In June of this year she received an OBE. For services to Literature and Interfaith Dialogue.

The myriad awards and honours she has received are too many to list here.

But, in 2008, she was awarded a prestigious TED prize and she took the opportunity to use the prizemoney to set up a Charter for Compassion. Unveiled in Washington, its signatories include the Dalai Lama and Archbishop Desmond Tutu. People across the globe have used it to affirm their belief that religion has a key part to play in compassion and tolerance.

Karen Armstrong believes that there is no point in saying you are religious if you do not actively practise compassion. It’s the Golden Rule, first promulgated by Confucius, ‘Never do to others what you would not like them to do to you.’ It’s a phrase we have heard again and again, probably expressed more often in positive terms, ‘Do unto others as you would have them do unto you.’   
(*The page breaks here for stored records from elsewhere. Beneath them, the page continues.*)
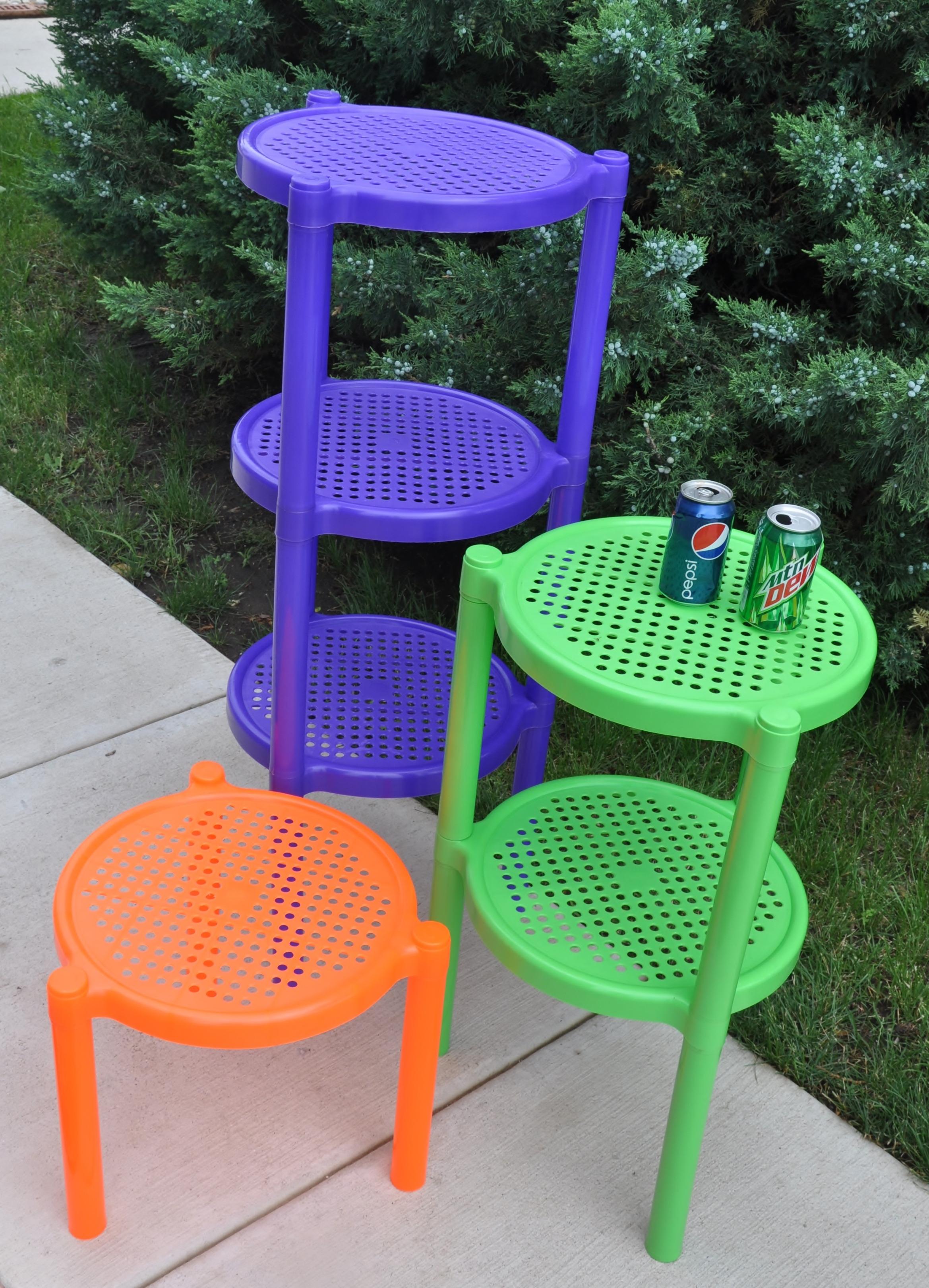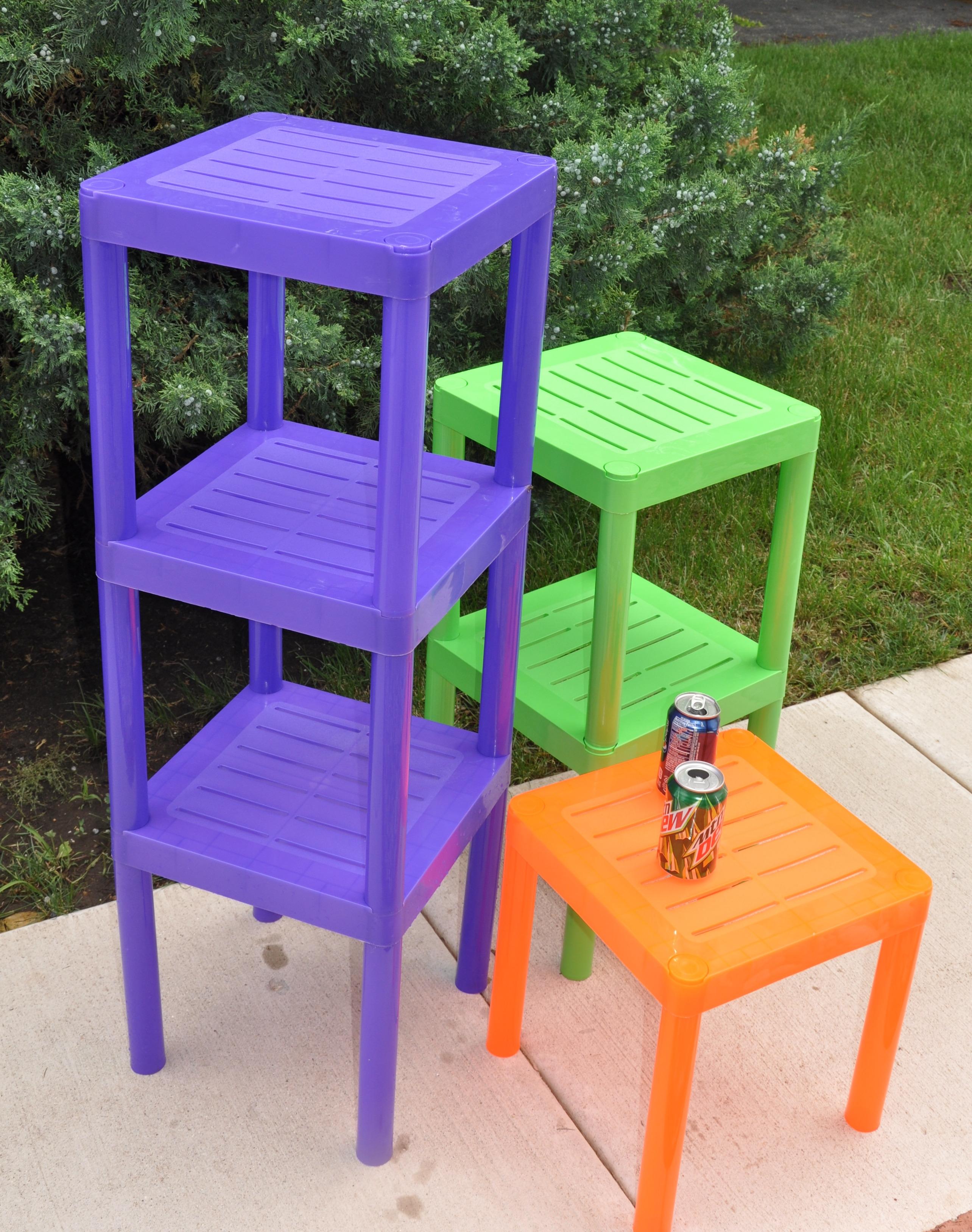 These tables are constructed for indoor and outdoor use from resin that can be recycled. Waterproof and easy to clean. Width: 14"-15" square or diameter Overall height: 15" Set of 10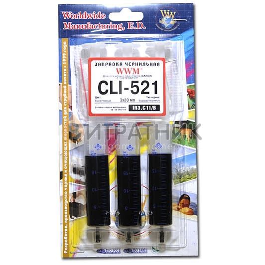 Заправний набір WWM для Canon CLI-521 (3 x 20мл) 3шт x 20мл Black водорозчинне (IR3.C11/B)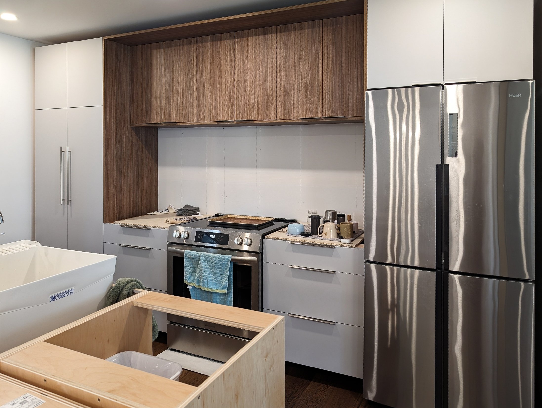 Renovation projects and remodels take time. Why wait to see the finished product when the assembly looks so good? Take a look at these customers’ works in progress for examples of our trending finishes and custom cabinet configurations.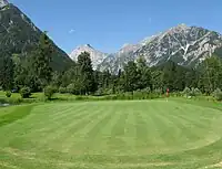 | Area of short grass on smooth ground surrounding a golf pin (hole), short for 'putting green'. |
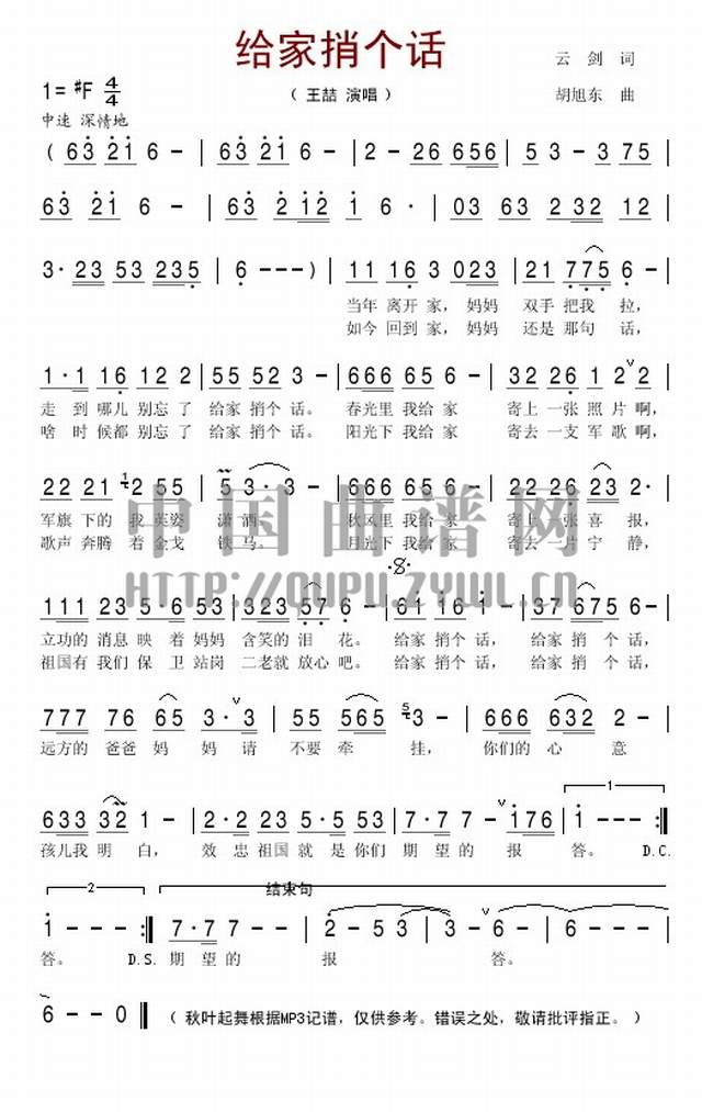 推荐民歌曲谱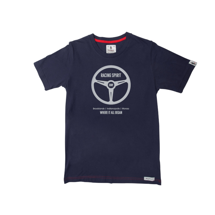 OMP RACINGのクラシックなステアリングホイールが描かれたプリントTシャツ。

The Charter for Compassion has a website that is worth a look and which sets out the actual terms of the charter clearly and simply. 

And finally…

It's ironic that Armstrong now has ended up living a kind of monastic, solitary existence, alone with her focus on the divine. She has come full circle: spending her life thinking, talking and writing about God. As she says, ‘the very absence I felt so acutely was paradoxically a presence in my life.’ 

Seeking the numinous and moments of transcendence in her life and work has finally delivered her to a place that she was seeking all those years ago, ‘when I had packed my suitcase, entered my convent and set off to find God.’